At this point, we have lots of comment strings as data in our r/skeptic and r/psychic stores. However, we cannot linguistically analyse these strings without applying the tokenization method to them. Tokenizing our comment data will allow our script to process the data as separate words and sentences, rather than a random array of characters. It’s an essential step to working with bigrams, as the program would be able to recognize words within a string, and therefore process them as separate entities next to one another.

In my script, I applied a word tokenization function from nltk (word_tokenize) as well as their sentence tokenisation function (sent_tokenize) to both the r/skeptic and r/psychic data. I applied both forms of tokenization so that the script would be able to recognize separate words as well as the start and end of each sentence in the comment data.

skeptic_tokens = [word_tokenize(w) for w in sent_tokenize(str(test_data_skeptic))]

psychic_tokens = [word_tokenize(w) for w in sent_tokenize(str(test_data_psychic))]

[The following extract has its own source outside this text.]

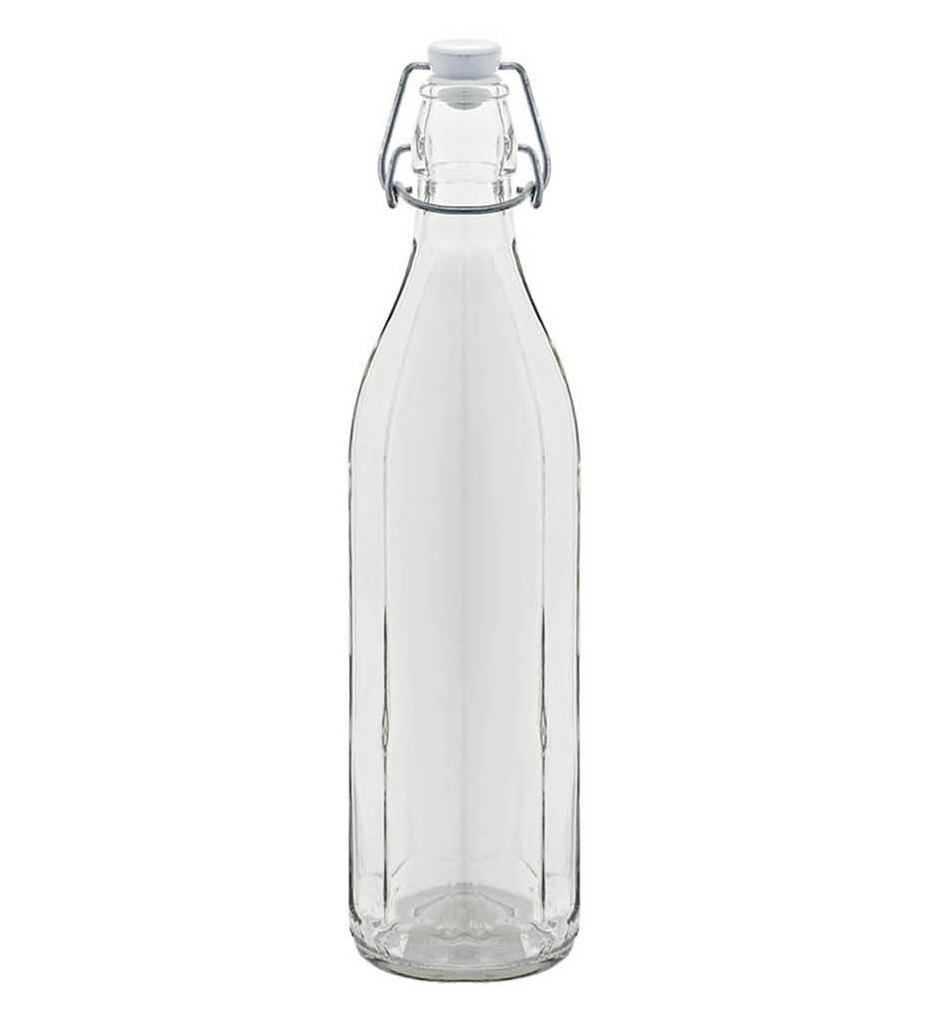 skleněná láhev kulatého (osmiúhelníkového) tvaru s patentním uzavíráním a čirým těsněním láhev je vhodná na olej, ocet, sirup, džus, šťávu apod. patentní uzávěr zabrání vytečení náplně v každé poloze objem 500 ml doporučujeme ruční mytí EAN 0000042459804 prečítať celé

Now, it was time to create the bigrams!

I defined a function get_bigrams that would create a list of bigrams with padding symbols to indicate the start ("<s>") and the end ("</s>") of a sentence. I wanted to make these symbols overt in the data, so that it was easy to pick out the most common first and last words of sentences in the language data. This way, the model would be better at guessing realistic first and last words while generating a sentence.

def get_bigrams(token_data):
    bigrams = [list(ngrams(i, 2, pad_left=True, pad_right=True,
                        left_pad_symbol='<s>', right_pad_symbol='</s>')) for i in token_data]
    output = [j for i in bigrams for j in i]
    return output

bigrams_psychic = get_bigrams(psychic_tokens)
bigrams_skeptic = get_bigrams(skeptic_tokens)

Next, I created a frequency distribution of bigrams occurring in the r/skeptic and r/psychic corpus data. In this way, I could build up the probabilities of co-occurring words in the language data.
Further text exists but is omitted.